Alternate Methods for Assessing Respiratory Toxicity Using Non-animal Methods
Published: December 6, 2007
University of Arizona
Agricultural and Biosystems Engineering
1177 E. 4th Street
Tucson, AZ 85721
Why respiratory toxicity analyses are needed
Numerous epidemiological studies have reported a correlation between exposure to respirable airborne particulate matter (PM) and increased mortality and adverse respiratory health effects, including the development of emphysema, chronic bronchitis, and asthma [Dockery et al., 1992; Pope et al., 1995]. PM is a complex mixture of inorganic and organic compounds whose composition and size depend upon their source. Much of the analyses have focused on coarse particles (with an aerodynamic diameter < 10 µm, also called PM10) and this is the basis of historical U.S. Environmental Protection Agency (EPA) regulations. Fine particles (PM2.5, 0.1 µm – 2.5 µm in aerodynamic diameter) and ultrafine particles (PM0.1, < 100 nm) are considered pathogenic [Oberdörster, 2000] presenting increasing toxicity with decreasing PM aerodynamic diameter. New U.S. EPA regulations address these fine particles, but some have suggested that these new regulations do not go far enough to protect human health [Mitka, 2006]. Only in recent years have the hazards of ultrafines been the subject of much study as they previously had been considered to be of such small mass to be of negligible impact.

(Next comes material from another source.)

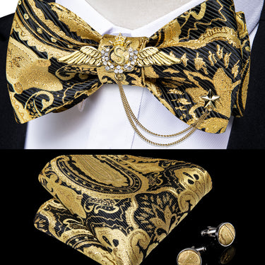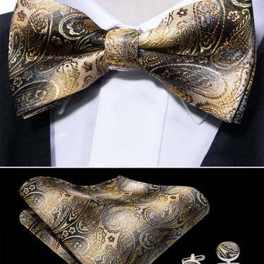 Gold Black Paisley Self-Bowtie Pocket Square Cufflinks Set

It is still not well understood which particles and which chemical components are the primary contributors to the observed health effects. Most likely it is a combination of physicochemical factors including number of particles, particle surface area, surface chemistry (especially the ability to form oxygen radicals), and ability to be internalized by cells of the lung [Donaldson et al., 1998]. Knowledge of the metabolism, disposition, and activation of compounds depositing with or released from PM could allow prediction of the type of cell and tissue damage likely to be caused.
The impact of particles on the lung
On the tissue and cellular level, PM-deposition insults can result in pulmonary inflammation, airway hyperreactivity, epithelial cell damage, and increased epithelial permeability [Fabbri et al., 1984]. The formation of reactive oxygen species and subsequent lipid peroxidation is believed to play a major role in toxicity; however, the rate of formation of reactive oxygen species can depend on synergistic effects between components of PM and on the presence of relatively benign materials. The direct mechanisms by which the wide variety of airborne PM types impact target cells in the respiratory system are diverse, thus severely complicating schemes to monitor the potential impact of the release of such particulates into the atmosphere.
Studies using different in vitro cellular systems have shown varying degrees of proinflammatory and oxidative-stress–related responses after exposure to PM [Brown et al., 2001; Li et al., 2003]. Oxidative stress leading to intracellular damage (often to DNA) and to changes in gene expression and signaling pathways are considered to be the most likely mechanism underlying toxicity of PM. The interpretation of in vitro studies can be difficult as experimenters from differing laboratories utilize their own unique methods for collecting or producing PM, for dosing particles, and for analyzing cellular responses. Standards for testing must be developed.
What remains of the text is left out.